[DATA PROVIDED]:
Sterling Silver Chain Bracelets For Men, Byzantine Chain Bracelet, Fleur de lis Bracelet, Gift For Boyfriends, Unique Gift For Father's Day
---
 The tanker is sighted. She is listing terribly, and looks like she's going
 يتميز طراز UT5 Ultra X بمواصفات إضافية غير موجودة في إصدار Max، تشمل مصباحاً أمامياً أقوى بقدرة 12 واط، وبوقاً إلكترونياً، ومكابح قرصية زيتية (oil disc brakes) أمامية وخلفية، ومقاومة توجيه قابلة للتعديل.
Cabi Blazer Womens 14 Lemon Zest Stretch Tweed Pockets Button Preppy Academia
...
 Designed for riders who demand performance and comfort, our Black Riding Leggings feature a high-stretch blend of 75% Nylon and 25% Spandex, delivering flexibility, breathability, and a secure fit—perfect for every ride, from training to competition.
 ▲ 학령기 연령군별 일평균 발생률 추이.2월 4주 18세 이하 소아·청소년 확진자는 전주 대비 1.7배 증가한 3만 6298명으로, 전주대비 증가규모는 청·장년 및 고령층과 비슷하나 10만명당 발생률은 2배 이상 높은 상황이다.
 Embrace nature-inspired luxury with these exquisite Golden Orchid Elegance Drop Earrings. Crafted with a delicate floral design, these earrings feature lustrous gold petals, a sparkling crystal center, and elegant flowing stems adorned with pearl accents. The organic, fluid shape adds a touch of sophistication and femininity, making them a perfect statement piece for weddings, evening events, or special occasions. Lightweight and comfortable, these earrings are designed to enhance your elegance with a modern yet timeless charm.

[WHAT IS EXPECTED]:
For this exercise, please output exactly the lines above starting at the line with "The tanker is" and ending at the line with "Cabi Blazer Womens", ends included.

[SOLUTION]:
 The tanker is sighted. She is listing terribly, and looks like she's going
 يتميز طراز UT5 Ultra X بمواصفات إضافية غير موجودة في إصدار Max، تشمل مصباحاً أمامياً أقوى بقدرة 12 واط، وبوقاً إلكترونياً، ومكابح قرصية زيتية (oil disc brakes) أمامية وخلفية، ومقاومة توجيه قابلة للتعديل.
Cabi Blazer Womens 14 Lemon Zest Stretch Tweed Pockets Button Preppy Academia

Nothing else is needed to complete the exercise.